2 Definitions and preliminaries
Throughout this paper X and Y are always topological spaces on which no separation axioms are assumed. If ƒ : X → Y is a mapping between topological spaces X and Y and B is a subset of F, then f←(B) denotes the pre-image of B. By C1(A) and Int(A) we denote the closure and interior of a set A in a space X. Our other topological notation and terminology are standard as in [10]. If (G, *) is a group, then e or eG denotes its identity element, and for a given x ∈ G, ℓx : G → G, y ↦ x ∘y, and rx : G→G, y ↦ y ∘ x, denote the left and the right translation by x, respectively. The operation * we call the multiplication mapping m : G x G → G, and the inverse operation x ↦ x–1 is denoted by i.
In 1963, N. Levine [1] defined semi-open sets in topological spaces. Since then, many mathematicians have explored different concepts and generalized them by using semi-open sets (see [2,11-14]). A subset A of a topological space X is said to be semi-open if there exists an open set U in X such that U ⊂ A ⊂ Cl(U), or equivalently if A ⊂ Cl(Int(A)).

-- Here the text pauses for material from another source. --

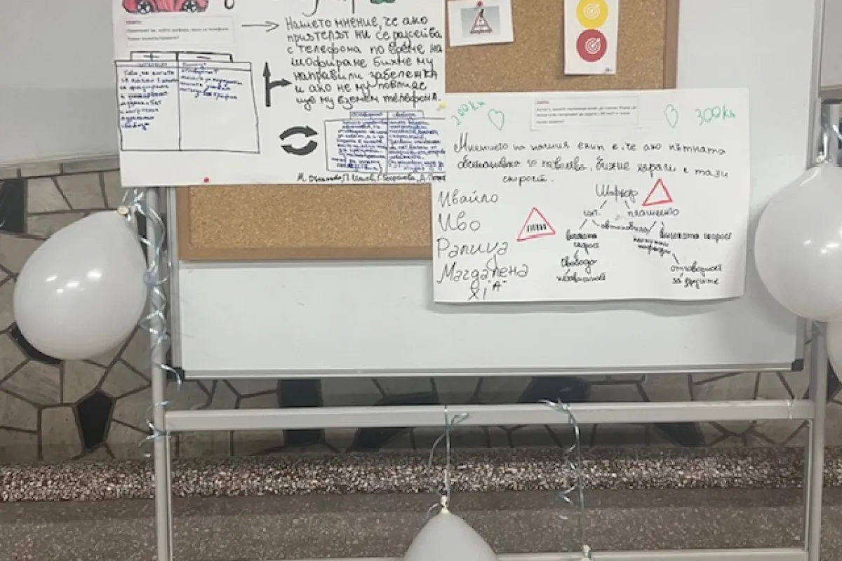 Гимназистите: Изборът е лична отговорност В час на класа учениците от 11. А клас преминаха през предизвикателен социален експеримент на тема „Аз и пътят: Отговорност и избор“. Учениците Маги, Рали, Иво и Ивайло участваха в симулационна игра: те трябваше да преминат през стаята, докато едновременно четат съобщение, говорят по телефона и отговарят на въпроси. Резултатът беше категоричен – всички осъзнаха, че разсейването е опасно, а шофирането е не само свобода, но и огромна отговорност.
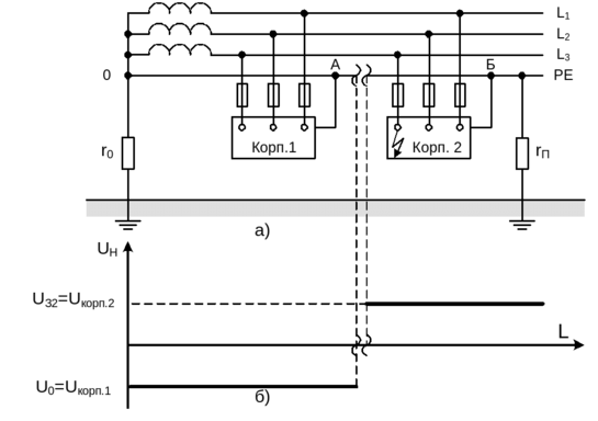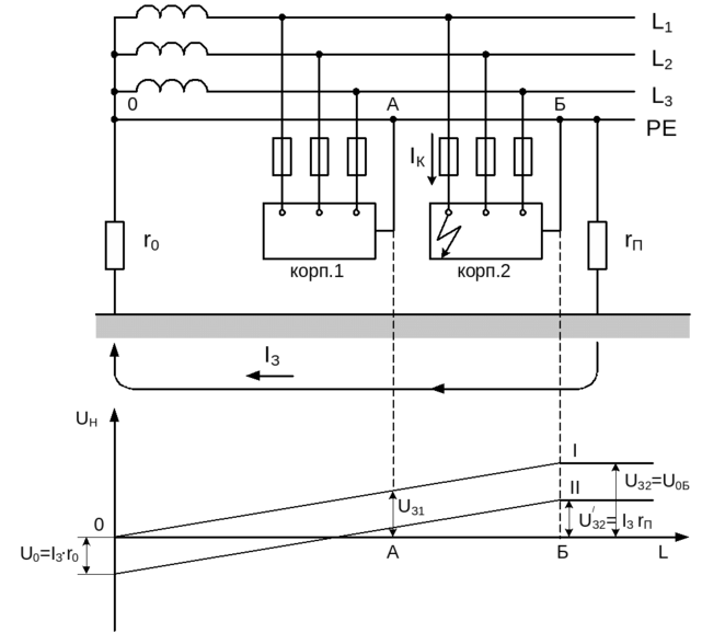 Если повторное заземление НЗП (т.е. РЕ-проводника) отсутствует, то при замыкании одного из фазных проводников на корпус второй электроустановки (рис.3) напряжение этого корпуса относительно земли Uз2, B, так же, как и всего участка нулевого защитного проводника за местом замыкания (вправо от точки Б), будет равно падению напряжения

SO(X) denotes the collection of all semi-open sets in X, and SO(X, x) is the collection of semi-open sets in X containing the point x ∈X. The complement of a semi-open set is said to be semi-closed; the semi-closure of A ⊂ X, denoted by sCl(A), is the intersection of all semi-closed subsets of X containing A [15, 16]. x ∈ sCl(A) if and only if any U ∈SO(X, x) meets A.
Clearly, every open (resp. closed) set is semi-open (resp. semi-closed). It is known that a union of any collection of semi-open sets is again a semi-open set. The intersection of two semi-open sets need not be semi-open whereas the intersection of an open set and a semi-open set is semi-open. Basic properties of semi-open sets and semi-closed sets are given in [1], and [15, 16].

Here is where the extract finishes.